__Information provided__
※ ※ ※

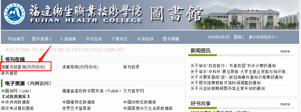 1. 打開(kāi)瀏覽器,輸入網(wǎng)址:www.fjwx.com.cn/,點(diǎn)擊網(wǎng)頁(yè)右側(cè)“機(jī)構(gòu)導(dǎo)航”--“教學(xué)教輔機(jī)構(gòu)”--“圖書(shū)館”--“館藏書(shū)目查詢(xún)”,即可進(jìn)入圖書(shū)檢索頁(yè)面
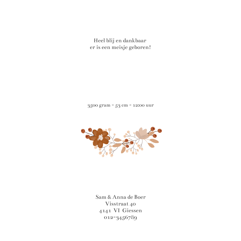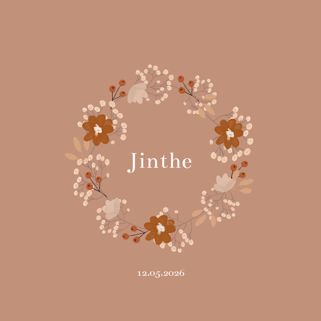Een romantisch geboortekaartje voor de geboorte van jullie dochtertje. De bloemenkrans is handgeschilderd. De naam van jullie kleintje staat in het midden van de krans in roségoudfolie gedrukt. Ook aan de binnenkant van het kaartje staat de naam in roségoud.
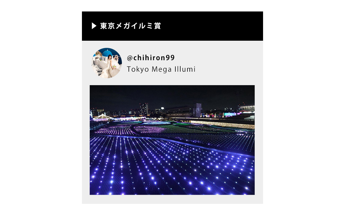 「東京メガイルミ」賞を受賞したのは、@chihiron99 さん!品川の「東京競馬場」にて開催されている「東京メガイルミ」ですが、広大な敷地で一面に広がるイルミネーションが、フレームのなかで奥行きをもって収められています。このほかにも「東京メガイルミ」には、桜をかたどった電飾のトンネルや噴水ショーもあって、会場全体が見どころだらけです!

※ ※ ※

__Work instruction__
Take the lines from the one that contains "Een romantisch geboortekaartje" through the last line of the material above and reproduce them exactly, leaving out any pictures.

__Solution to this problem__
Een romantisch geboortekaartje voor de geboorte van jullie dochtertje. De bloemenkrans is handgeschilderd. De naam van jullie kleintje staat in het midden van de krans in roségoudfolie gedrukt. Ook aan de binnenkant van het kaartje staat de naam in roségoud.
 「東京メガイルミ」賞を受賞したのは、@chihiron99 さん!品川の「東京競馬場」にて開催されている「東京メガイルミ」ですが、広大な敷地で一面に広がるイルミネーションが、フレームのなかで奥行きをもって収められています。このほかにも「東京メガイルミ」には、桜をかたどった電飾のトンネルや噴水ショーもあって、会場全体が見どころだらけです!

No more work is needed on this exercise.